**Required work**.
Your answer must be the full listing below, repeated exactly, with no pictures in it.

■ ■ ■

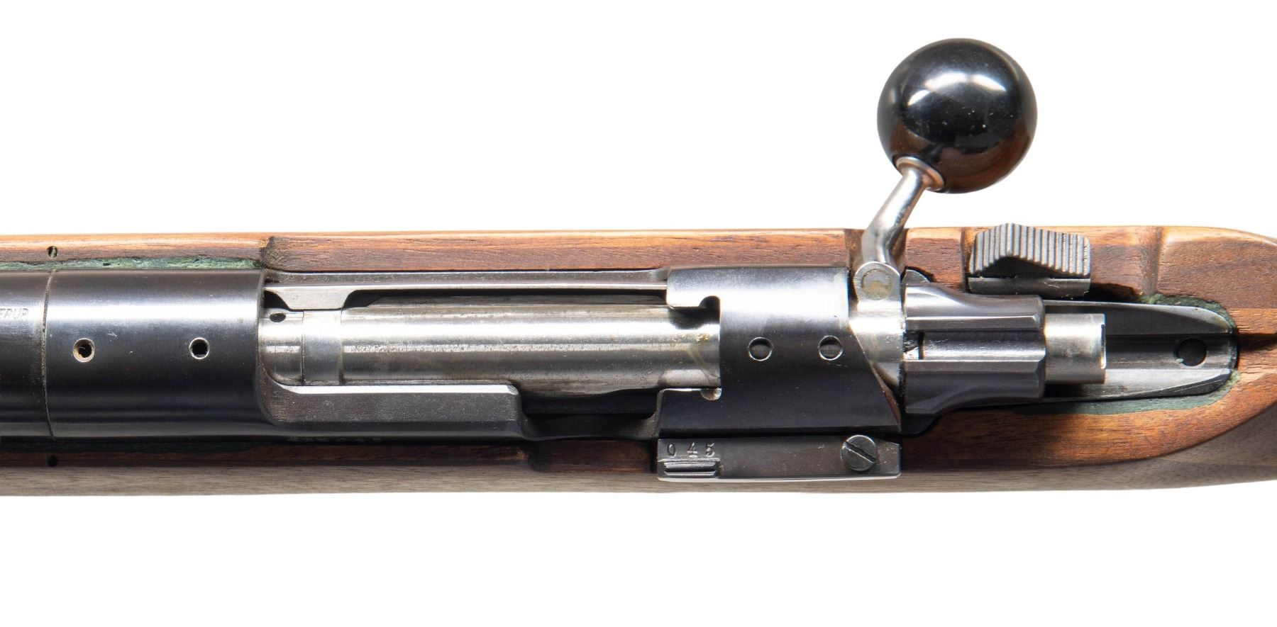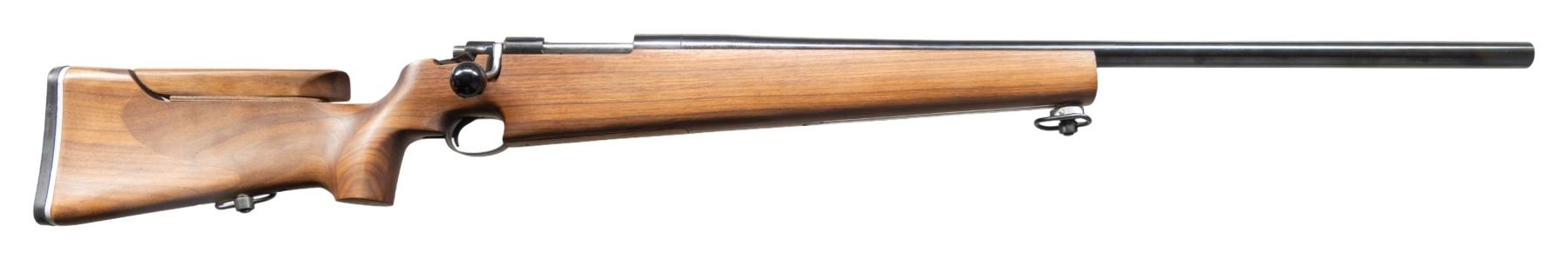 RIFLE. Cal. 308 Win. S# 432045. Bbl. full floating 27 5/8" target with beveled target crown; drilled and tapped (6-48) for target blocks at muzzle and at rear. Mfg. 1960's to 1970's by S&L using surplus military actions; usually Model 98's, but this is from a Model 96. Actions had military markings removed by S&L with new numbers applied; matching numbered bolt and release retaining charging slots plus thumb slot. Latest example by S&L with altered bolt handle for its screw on large black target knob. Bolt shroud altered to remove military safety as the adjustable Parker Hale trigger incorporates a sliding thumb safety. Most Model 69's were in 6.5X55 Swedish Mauser caliber; references list other caliber as 7.62X51 NATO, yet barrel marked "308 WIN.". Stocks made by Otterup had pronounced pistol grips, rubber buttpads and wide, flat bottomed forends with rail like this one that also has an adjustable comb. Uniquely shaped stock to have slight concave shape to right side of butt and extra depth at magazine area with an ingenious removable decorative walnut cover secured with a simple leaf spring. Receiver bridges drilled and tapped (6-48 front and 8-40 rear) for bases allowing for proper 7.2" spaced target scope blocks. Barrel markings indicate Norma of Springfield, MO as the importer, S&L Otterup marks and 86 date. Stock is satin oil finished and glass bedded in action area. CONDITION: an occasional very faint handling mark, but overall close to excellent with near excellent bore. (25-3319/NW). MODERN. $650-900.
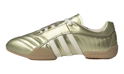 Illuminate your rotation with the opulent, high-octane energy of the Taekwondo Mei Elite "Gold Metallic," a silhouette that masterfully pairs archival martial arts DNA with a bold, luxury finish. This iteration features a premium metallic gold leather upper that radiates a liquid-metal sheen, distinguished by structural quilted stitching at the toe and supportive vertical ribbing along the sidewalls. The high-gloss foundation is sharply contrasted by crisp white three-stripes and matching laces, offering a sophisticated, high-fashion strike to the streamlined profile. Grounded by a split-sole gum rubber outsole that curves up the lateral and medial sides for superior flexibility and grip, these sneakers deliver a premier, "Quiet Luxury" anchor that bridges the gap between heritage performance and runway-ready street style.
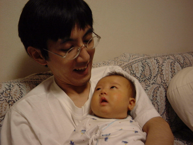 びっくり。日南子が今朝、声をたてて笑った。きゃきゃきゃきゃーとまるでお猿。ミッフィーのサークルメリーを見せていたのだが、すごい嬉しそうでにこにこ。半月前は全然楽しんでなかったのに。 笑い顔も、ここ2、3日はムシ笑いではなく、意志的になってきた。私と目を合わせてにやーっと笑う。ご機嫌な時が多くなってきた。握りこぶしをちぱちゅぱ吸うことが多くなってきた。目で動くものを追うようになってきた。(これも今朝分かった。真基さんが顔を左右にゆっくり動かすと、それに合わせて日南子も顔を動かすのだ。)
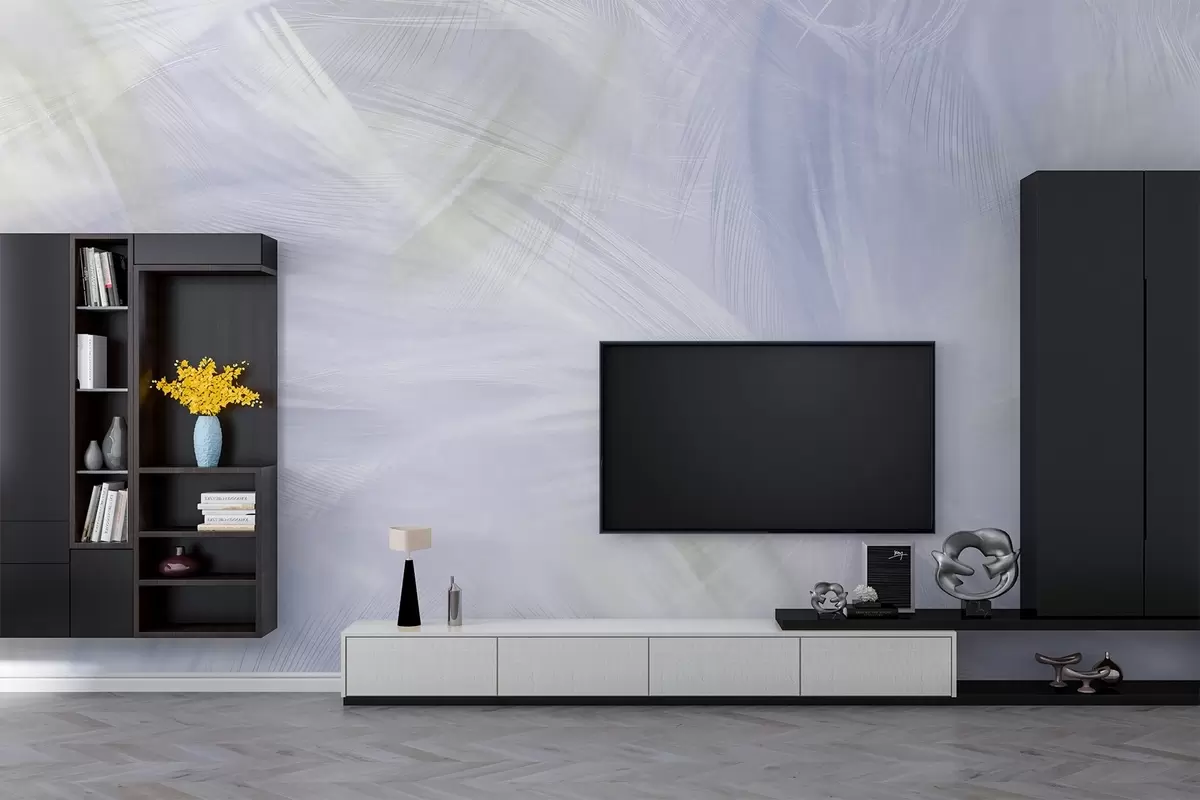 Fotomurales plumas vaporosas en tonos beige y azul Nr. w04071v1
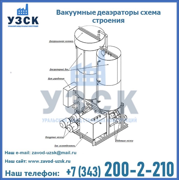 Вакуумный деаэратор в базовой комплектации состоит из колонки ДВ, охладителя выпара ОВВ, эжектора водоструйного ЭВ. Конструкция ДВ включает в себя гидроаккумуляторную емкость, предназначенную для отстоя воды из технологических линий (цилиндр с 2 емкостными отделами, между которыми установлен средоразделитель), вакуумную емкость для создания разряженного давления и проведения очистки, колонку для создания вакуума, технологическую арматуру и задвижки, рециркуляционные насосы и нагнетатель, пароконденсаторы для конденсации пара и его превращения в воду, блок уравнивания давлением.
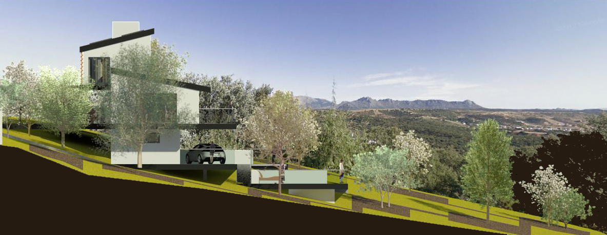 Se articula mediante plataformas, que se adaptan a la topografía y vuelan ligeramente sobre la parcela, proporcionando espacios aterrazados a distintas cotas y con orientación sur-norte, pudiéndose usar tanto en verano y en invierno. Las estancias se orientan también en el eje norte-sur, garantizando ventilación cruzada, asoleo y espléndidas vistas a la sierra norte de Madrid.
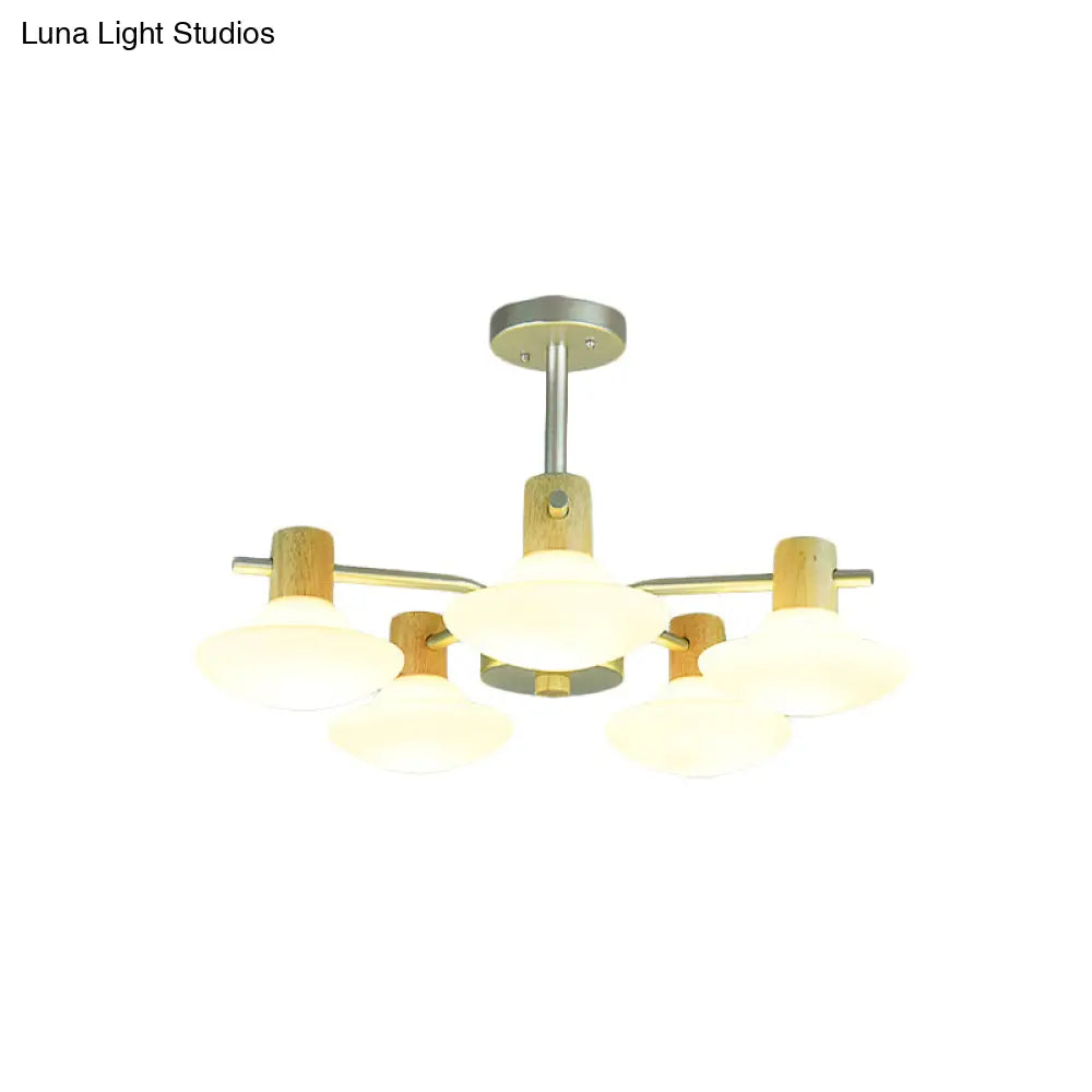 DecorBites™ DecorBites™ Modern Mushroom Semi Flush Ceiling Lamp with Opal Frosted Glass, Wood Finish - 5/6 Head for Bedroom
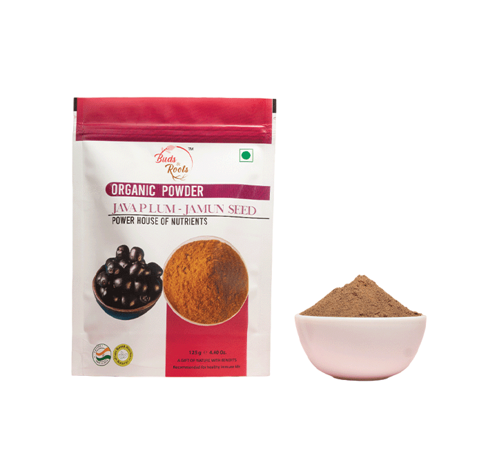 Java Plum Seed Powder, also known as Jamun Seed Powder, by Buds & Roots is a nutrient-rich, organic product made from the seeds of the Java Plum (Jamun) fruit. It offers a range of health benefits, making it a valuable addition to a daily wellness routine. Here’s a closer look at its qualities:
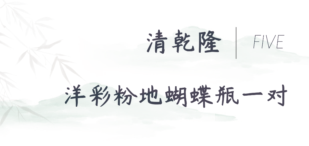 出自艾弗瑞·莫里森宝蓄的清乾隆洋彩粉地蝴蝶瓶一对,纹饰秀丽,施明艳粉地,带西方风格,绘蝶舞花间,缤纷绚烂,烧制一丝不苟,美不胜收。
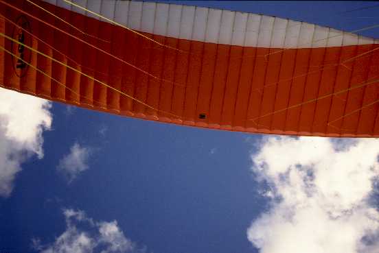 This photo may give you an idea of how the wing looks from the pilot's sight. Actually, I shot this photo by holding the camera in front of me, and pointing it straight up. When making photos, I hold the camera with my left hand, while the right one has to hold both brakes, and the throttle. I slightly pull on the brakes, so that by sideward displacement of the control hand I can do a limited amount of directional control, since both brake lines start from an already tensed position. Also, the slight tension helps stabilize the canopy against tucks that may happen when hitting some turbulence. That said, I must also say that the relatively high loading of my wing makes it extremely resistant to such tucks. Even in quite rowdy air, I have seen it shaking quite a lot, without ever tucking.
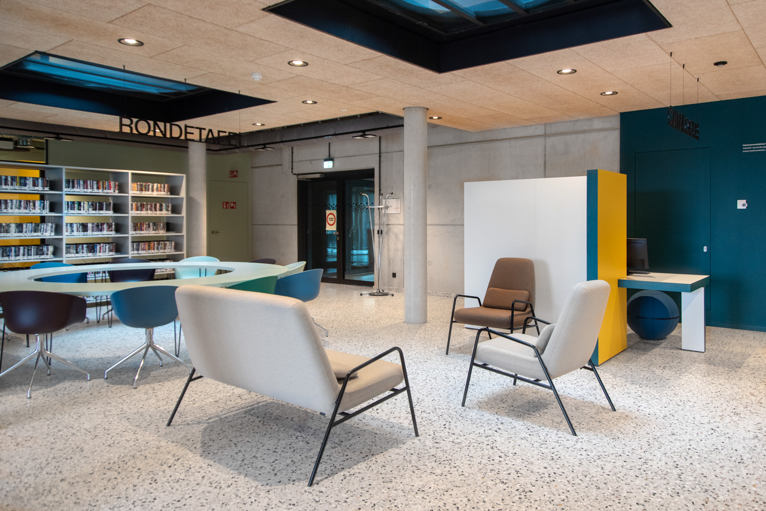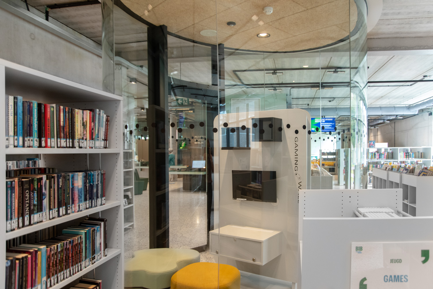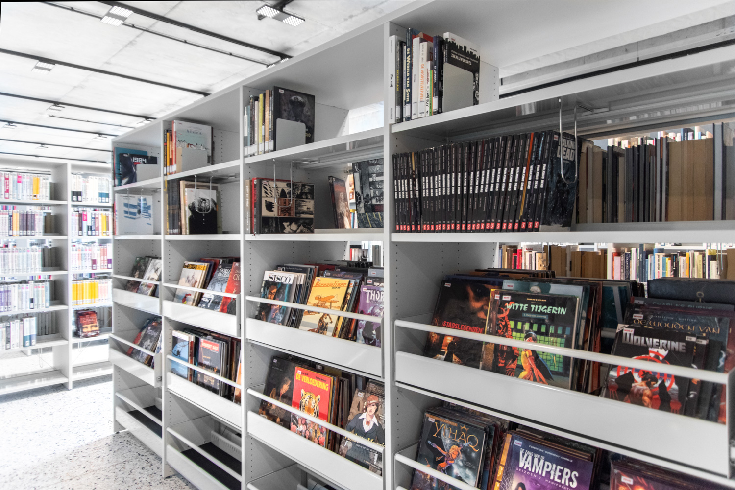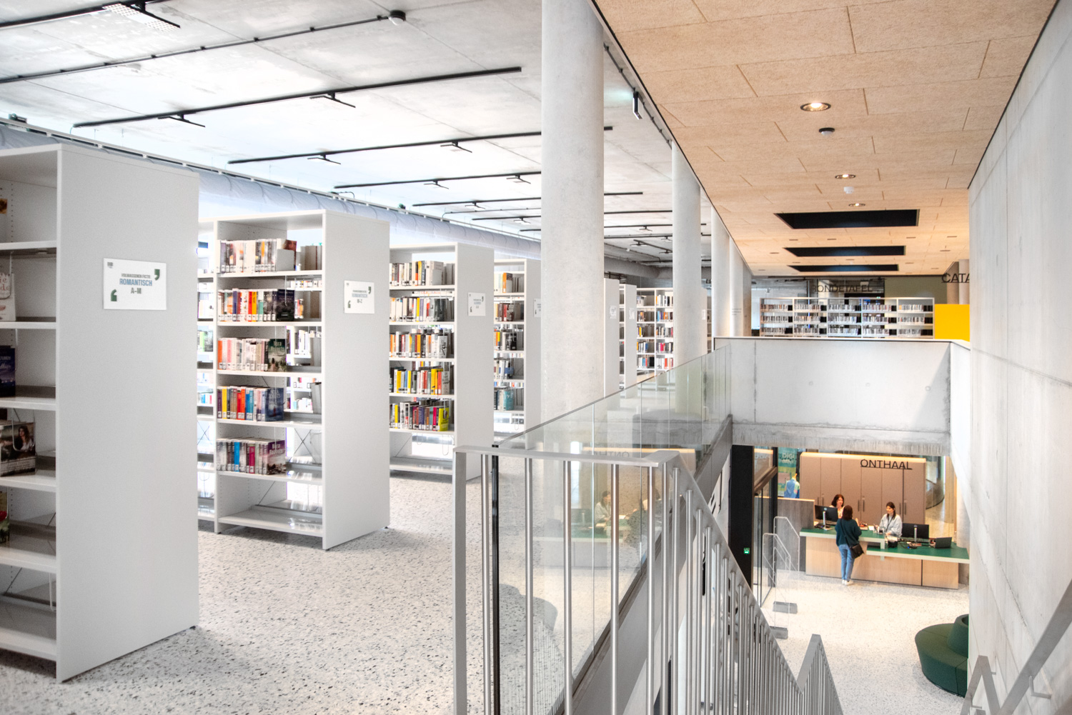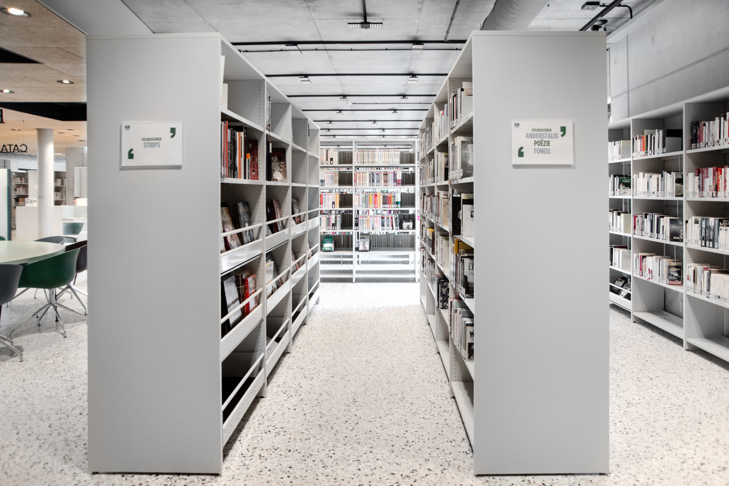 Lys og god plads er centrale elementer i det nye bibliotek i Geraardsbergen. Biblioteket er mere end blot et sted at låne bøger; det er et sted til læsning, studier, spil og meget mere. Der er mange siddemøbler at vælge imellem: borde og stole til arbejde eller studier, hyggelige og komfortable lænestole til afslapning og puffer, hvor man hurtigt kan slå sig ned med en god bog.

■ ■ ■

**Exercise output**.
 RIFLE. Cal. 308 Win. S# 432045. Bbl. full floating 27 5/8" target with beveled target crown; drilled and tapped (6-48) for target blocks at muzzle and at rear. Mfg. 1960's to 1970's by S&L using surplus military actions; usually Model 98's, but this is from a Model 96. Actions had military markings removed by S&L with new numbers applied; matching numbered bolt and release retaining charging slots plus thumb slot. Latest example by S&L with altered bolt handle for its screw on large black target knob. Bolt shroud altered to remove military safety as the adjustable Parker Hale trigger incorporates a sliding thumb safety. Most Model 69's were in 6.5X55 Swedish Mauser caliber; references list other caliber as 7.62X51 NATO, yet barrel marked "308 WIN.". Stocks made by Otterup had pronounced pistol grips, rubber buttpads and wide, flat bottomed forends with rail like this one that also has an adjustable comb. Uniquely shaped stock to have slight concave shape to right side of butt and extra depth at magazine area with an ingenious removable decorative walnut cover secured with a simple leaf spring. Receiver bridges drilled and tapped (6-48 front and 8-40 rear) for bases allowing for proper 7.2" spaced target scope blocks. Barrel markings indicate Norma of Springfield, MO as the importer, S&L Otterup marks and 86 date. Stock is satin oil finished and glass bedded in action area. CONDITION: an occasional very faint handling mark, but overall close to excellent with near excellent bore. (25-3319/NW). MODERN. $650-900.
 Illuminate your rotation with the opulent, high-octane energy of the Taekwondo Mei Elite "Gold Metallic," a silhouette that masterfully pairs archival martial arts DNA with a bold, luxury finish. This iteration features a premium metallic gold leather upper that radiates a liquid-metal sheen, distinguished by structural quilted stitching at the toe and supportive vertical ribbing along the sidewalls. The high-gloss foundation is sharply contrasted by crisp white three-stripes and matching laces, offering a sophisticated, high-fashion strike to the streamlined profile. Grounded by a split-sole gum rubber outsole that curves up the lateral and medial sides for superior flexibility and grip, these sneakers deliver a premier, "Quiet Luxury" anchor that bridges the gap between heritage performance and runway-ready street style.
 びっくり。日南子が今朝、声をたてて笑った。きゃきゃきゃきゃーとまるでお猿。ミッフィーのサークルメリーを見せていたのだが、すごい嬉しそうでにこにこ。半月前は全然楽しんでなかったのに。 笑い顔も、ここ2、3日はムシ笑いではなく、意志的になってきた。私と目を合わせてにやーっと笑う。ご機嫌な時が多くなってきた。握りこぶしをちぱちゅぱ吸うことが多くなってきた。目で動くものを追うようになってきた。(これも今朝分かった。真基さんが顔を左右にゆっくり動かすと、それに合わせて日南子も顔を動かすのだ。)
 Fotomurales plumas vaporosas en tonos beige y azul Nr. w04071v1
 Вакуумный деаэратор в базовой комплектации состоит из колонки ДВ, охладителя выпара ОВВ, эжектора водоструйного ЭВ. Конструкция ДВ включает в себя гидроаккумуляторную емкость, предназначенную для отстоя воды из технологических линий (цилиндр с 2 емкостными отделами, между которыми установлен средоразделитель), вакуумную емкость для создания разряженного давления и проведения очистки, колонку для создания вакуума, технологическую арматуру и задвижки, рециркуляционные насосы и нагнетатель, пароконденсаторы для конденсации пара и его превращения в воду, блок уравнивания давлением.
 Se articula mediante plataformas, que se adaptan a la topografía y vuelan ligeramente sobre la parcela, proporcionando espacios aterrazados a distintas cotas y con orientación sur-norte, pudiéndose usar tanto en verano y en invierno. Las estancias se orientan también en el eje norte-sur, garantizando ventilación cruzada, asoleo y espléndidas vistas a la sierra norte de Madrid.
 DecorBites™ DecorBites™ Modern Mushroom Semi Flush Ceiling Lamp with Opal Frosted Glass, Wood Finish - 5/6 Head for Bedroom
 Java Plum Seed Powder, also known as Jamun Seed Powder, by Buds & Roots is a nutrient-rich, organic product made from the seeds of the Java Plum (Jamun) fruit. It offers a range of health benefits, making it a valuable addition to a daily wellness routine. Here’s a closer look at its qualities:
 出自艾弗瑞·莫里森宝蓄的清乾隆洋彩粉地蝴蝶瓶一对,纹饰秀丽,施明艳粉地,带西方风格,绘蝶舞花间,缤纷绚烂,烧制一丝不苟,美不胜收。
 This photo may give you an idea of how the wing looks from the pilot's sight. Actually, I shot this photo by holding the camera in front of me, and pointing it straight up. When making photos, I hold the camera with my left hand, while the right one has to hold both brakes, and the throttle. I slightly pull on the brakes, so that by sideward displacement of the control hand I can do a limited amount of directional control, since both brake lines start from an already tensed position. Also, the slight tension helps stabilize the canopy against tucks that may happen when hitting some turbulence. That said, I must also say that the relatively high loading of my wing makes it extremely resistant to such tucks. Even in quite rowdy air, I have seen it shaking quite a lot, without ever tucking.
 Lys og god plads er centrale elementer i det nye bibliotek i Geraardsbergen. Biblioteket er mere end blot et sted at låne bøger; det er et sted til læsning, studier, spil og meget mere. Der er mange siddemøbler at vælge imellem: borde og stole til arbejde eller studier, hyggelige og komfortable lænestole til afslapning og puffer, hvor man hurtigt kan slå sig ned med en god bog.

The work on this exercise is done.